I have fixed one the the clang-tidy failure in https://github.com/llvm/llvm-project/commit/fcbf05bbdccc8a32f6a80316ea1c13be7e7eeae2,
but as @nemanjai pointed out 'It is questionable how/whether this renaming applies to well established conventions that do not conform…'

In this case it might be worse, as we have some non-conform naming in target independent code as well.

eg:

$ grep ":Lower.*(" llvm/lib/CodeGen/SelectionDAG/TargetLowering.cpp
const char *TargetLowering::LowerXConstraint(EVT ConstraintVT) const {
SDValue TargetLowering::LowerAsmOutputForConstraint(
void TargetLowering::LowerAsmOperandForConstraint(SDValue Op,
SDValue TargetLowering::LowerToTLSEmulatedModel(const GlobalAddressSDNode *GA,

My understanding is we want to avoid large-scale renaming just due to naming convention, but we should gradually transform to keep the source code clang-tidy conform, and pre-merge testing green?
In some cases, this means we will gradually getting some new code that conform to clang-tidy, but break well established conventions .

Is that OK? @hfinkel
If not, what direction we should pursue?
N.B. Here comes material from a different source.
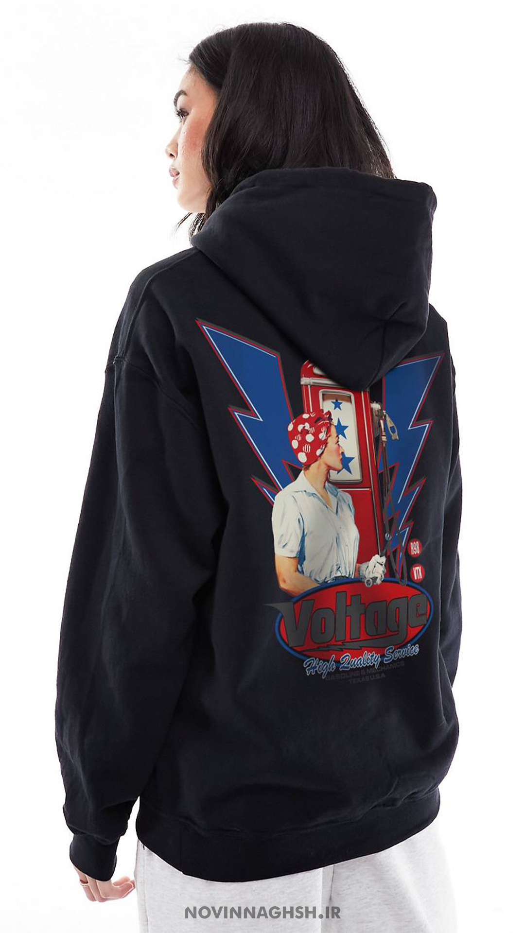 هودی طرح ولتاژ VOLTAGE با سایزبندی، تهیه شده از پارچه نخ پنبه ضخیم کرک دار است.

Thanks.

jsji added a comment.Jan 6 2020, 6:49 AM

@jhibbits: are you OK with this now? Most of the other reviewers are OK with this now. Thanks.

jhibbits resigned from this revision.Jan 6 2020, 7:08 AM

Not happy, but won't hold it up.

I'd rather see just the "isDOT" changed to "isRecord" and leave the rest as-is, but I'll defer to everyone else.

This revision is now accepted and ready to land.Jan 6 2020, 7:08 AM
jsji added a subscriber: jhibbits.Jan 6 2020, 7:18 AM

Not happy, but won't hold it up.

I'd rather see just the "isDOT" changed to "isRecord" and leave the rest as-is, but I'll defer to everyone else.

OK.. Sorry to make you unhappy..
Thank you for the kindness to sacrifice and support efforts for helping newcomers.

This revision was automatically updated to reflect the committed changes.